### Data

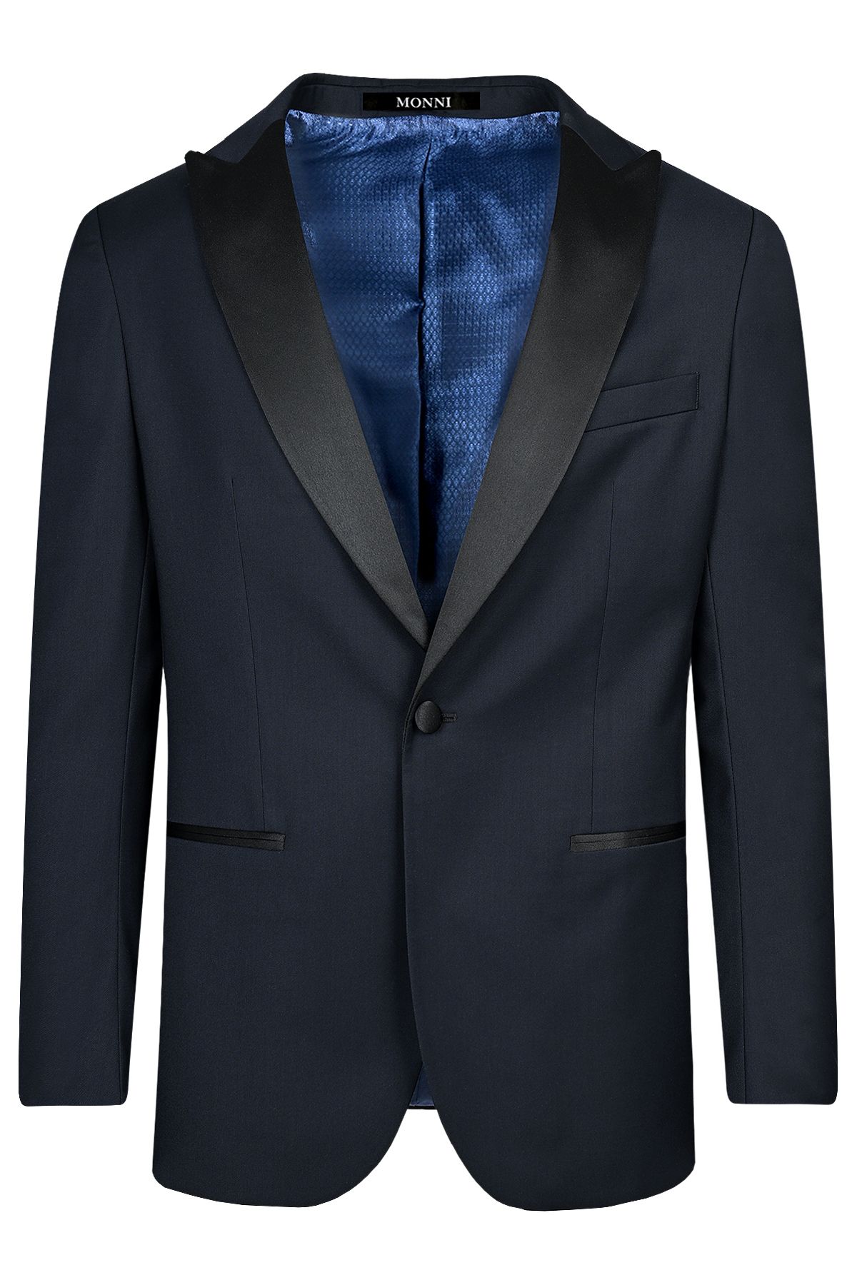 Мъжки втален тъмносин смокинг със сатениран широк остър ревер
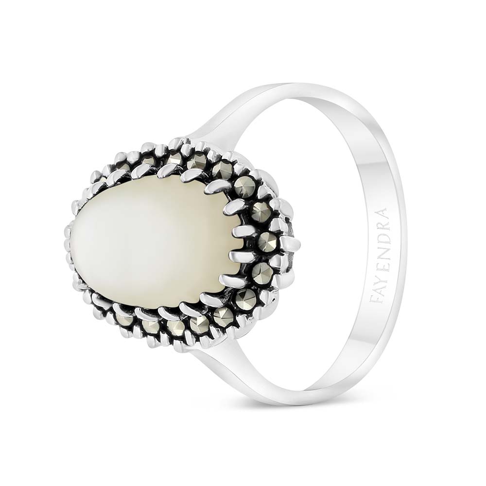 خاتم فضة إسترليني من مجموعتنا الكلاسيكية ، مصمم ليعكس الأناقة الجليلة .يزين الخاتم الكلاسيكي حجر صدفة بيضاء طبيعية مؤطر بالماركاسيت اللامع. قطعة مميزة لسيدة وقورة.
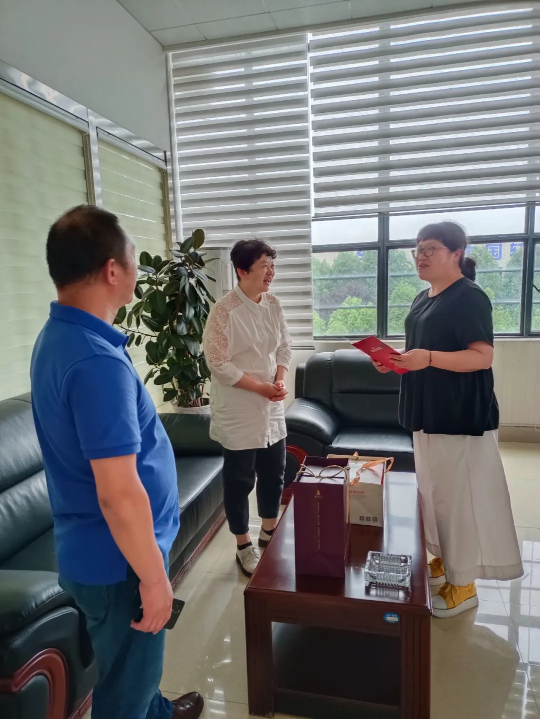 6月17日下午,襄陽(yáng)市企業(yè)聯(lián)合會(huì)數(shù)據(jù)部部長(zhǎng)劉輝、雙雄醉健康酒業(yè)大客服務(wù)部總監(jiān)李愛軍,帶著《襄陽(yáng)英雄 青春永駐》的生日賀卡和生日蛋糕,來(lái)到湖北時(shí)瑞達(dá)重型工程機(jī)械有限公司,為過生日的黨委書記胡艷送上生日祝福。
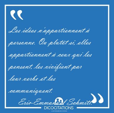 ![Les idées n'appartiennent à personne. Ou plutôt si, elles [...] - Eric-Emmanuel Schmitt... Les idées n'appartiennent à personne. Ou plutôt si, elles [...] - Eric-Emmanuel Schmitt...](/imagescitations/Les_idees_n_appartiennent_a_personne_Ou_plutot_si_elles_-_Eric-Emmanuel_Schmitt-106037.jpg)
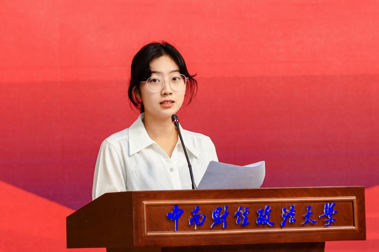 涉外法治创新班学生代表平宸发言,号召全体学员努力学习,早日成长为精通国际规则、具备专业素质的涉外法治人才。
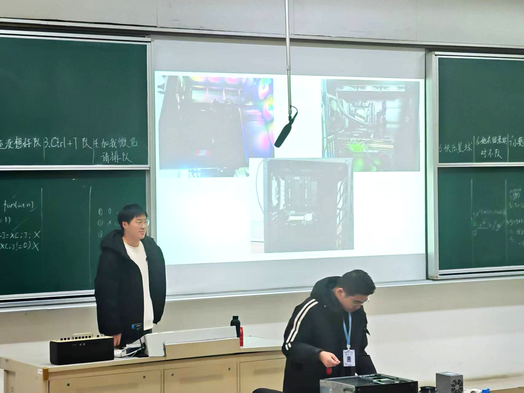 在准备第二组拼装材料的间隙,学院邀请到专攻计算机组装方向的马伟彬学长为我们介绍了许多计算机组装的知识。从显卡的选择、CPU的规格,到专攻大模型方向的魔改卡,学长不仅进行了细致讲解,还现场展示了相关硬件的图片,让大家收获颇丰。
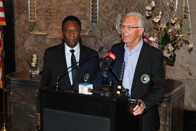 Pele i Franz Beckenbauer na szczycie Empire State Building
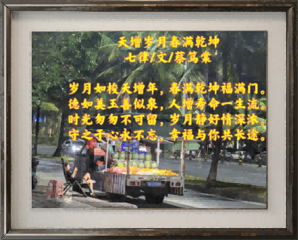 综观蔡笃棠先生的艺术成就,我们看到的是一位在传统与现代之间自如游走的智者,一位始终心怀民众的仁者。他的诗词创作既保持了古典诗词的韵律之美,又大胆融入现代语汇和当代意识,展现出极强的艺术创新力。更为难得的是,他的艺术始终保持着对普通人的温情注视,无论是诗词中对母爱的歌颂,还是摄影中对市井生活的记录, 都体现着一位艺术家的社会责任和人文担当。在这个价值多元的时代,蔡笃棠先生以其扎实的艺术功底、深沉的家国情怀和持久的创作热情,为当代文艺界创作树立了值得借鉴的典范,他的艺术实践必将对后世产生深远的影响。
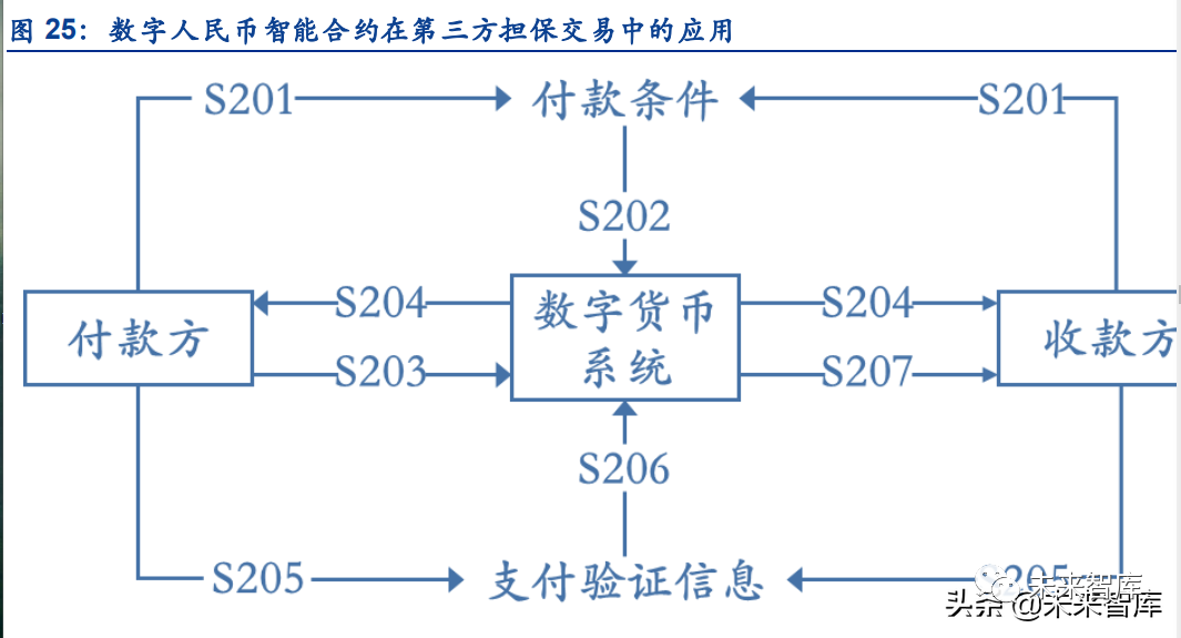 场景四:第三方担保交易。在央行数研所的专利《数字货币的支付方法和支付系统》中,介 绍了数字人民币智能合约在第三方担保交易中的应用。
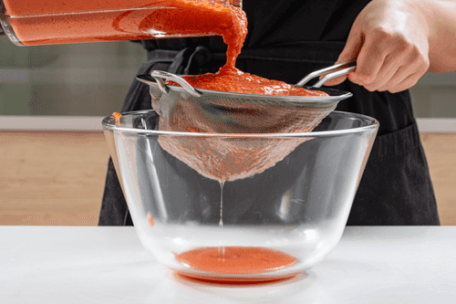 Процедить пюре, чтобы избавиться от семян и кожицы.
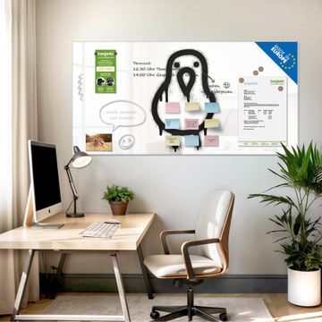 Auf der glatten Glasoberfläche lassen sich Termine, Rezepte oder Notizen ganz einfach mit Kreidestiften festhalten und rückstandslos entfernen. Starke Neodym-Magnete halten Ihre wichtigsten Erinnerungen sicher an Ort und Stelle. So entsteht Ihre ganz persönliche Ideenwand - jeden Tag neu.
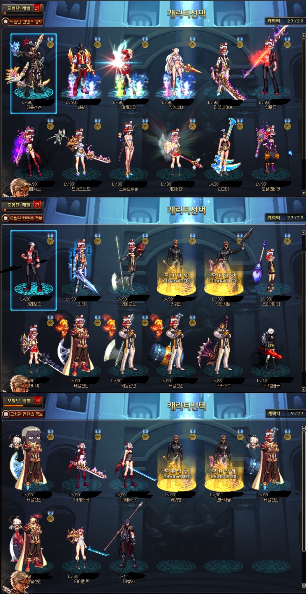 딱히 캐릭 많이 키웠다고 뭐 좋은것도 없고(이번에 모험단 개편되면 어떨지 모르지만), 딱히 감동 받을만큼 센 캐릭도 없어서 그냥저냥 좀 따분해서 소감문 한번 써봤습니다.
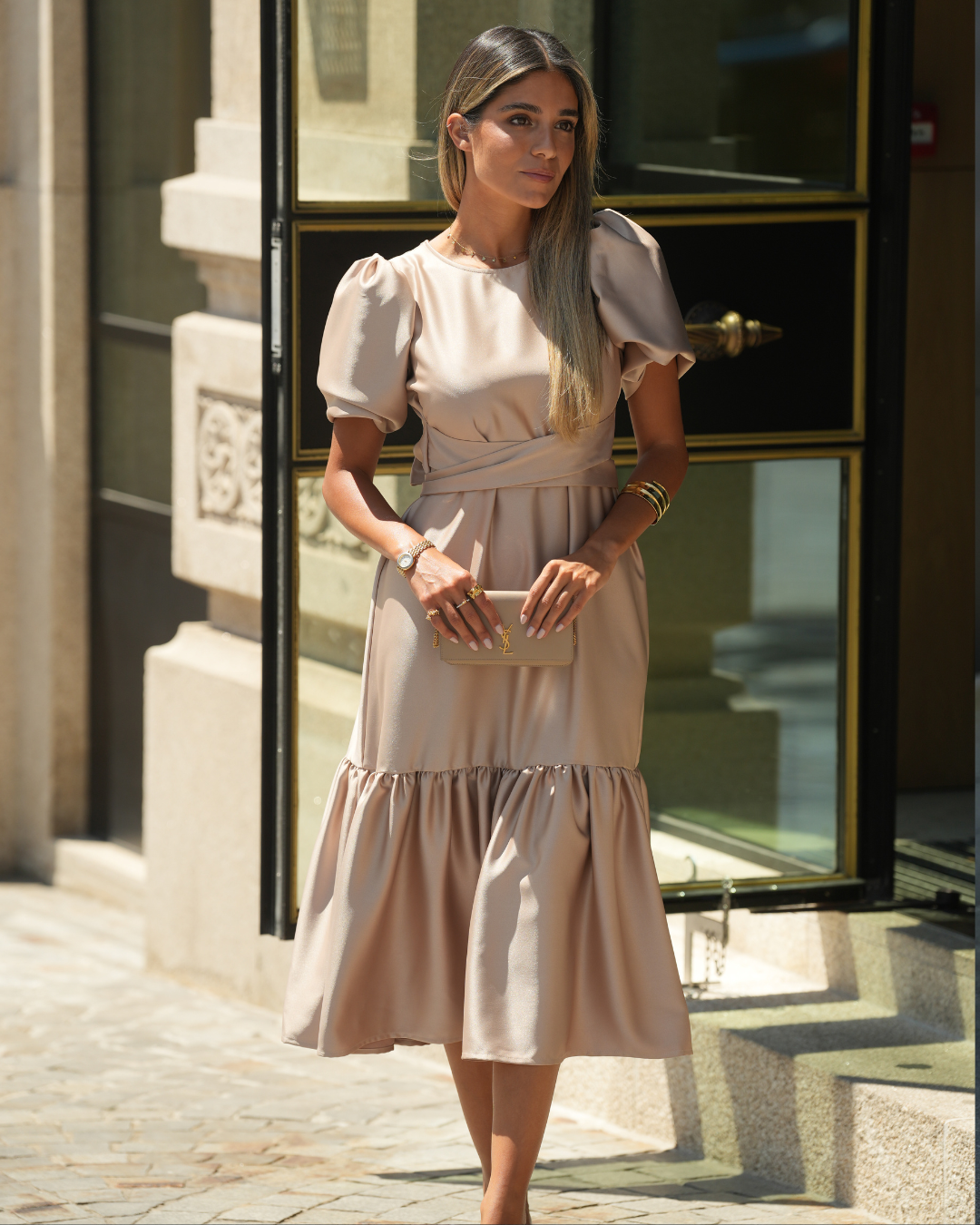 Vestido midi com folho, com decote redondo na frente e nas costas contém decote ligeiro em V. Fecho invisível pelo cós, que permite usarmos na frente ou nas costas, permitindo assim abertura fácil do decote. Com mangas 3/4 que terminam em elástico franzido que permite usarmos a manga mais comprida ou versão curta. Podemos usar, no mínimo 8 formas diferentes, através dos decotes, das diferentes formas de usarmos o cinto/laço e das mangas. Encontra no cinto a afirmação Rise Like The Stars bordada em linha lurex.
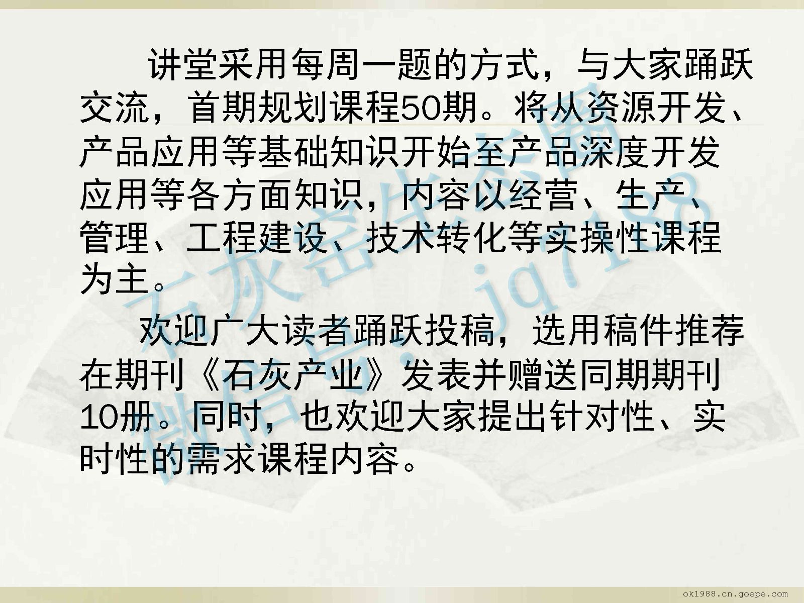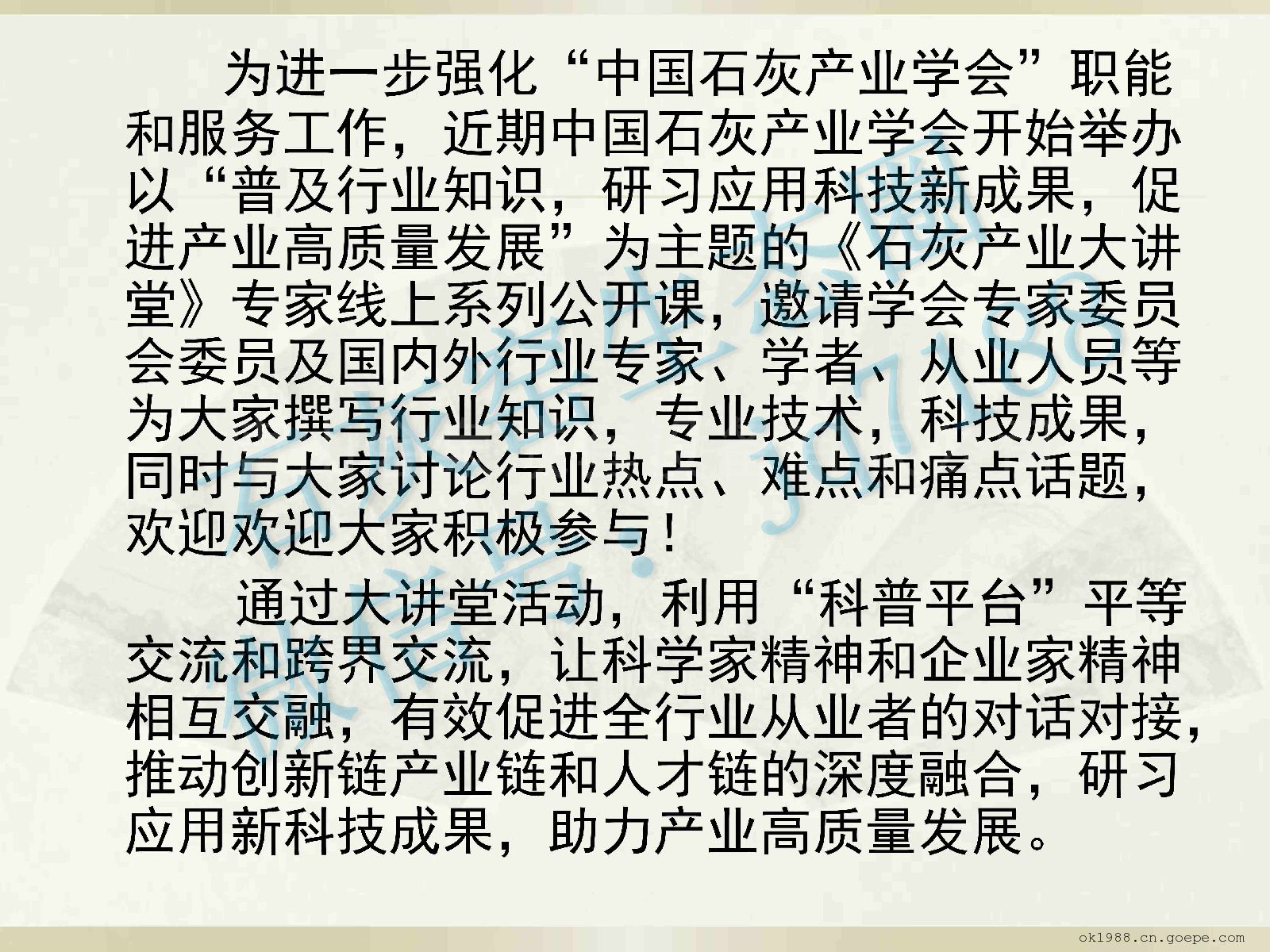 《石灰產業(yè)大講堂》002期|生產石灰用石料選用及檢測方法(07月14日)

### Exercise brief
Starting at the first line of the listing above, write out each line exactly and nothing else until you reach the line containing "خاتم فضة إسترليني", which is included as well; omit all pictures.

### Output for this exercise
 Мъжки втален тъмносин смокинг със сатениран широк остър ревер
 خاتم فضة إسترليني من مجموعتنا الكلاسيكية ، مصمم ليعكس الأناقة الجليلة .يزين الخاتم الكلاسيكي حجر صدفة بيضاء طبيعية مؤطر بالماركاسيت اللامع. قطعة مميزة لسيدة وقورة.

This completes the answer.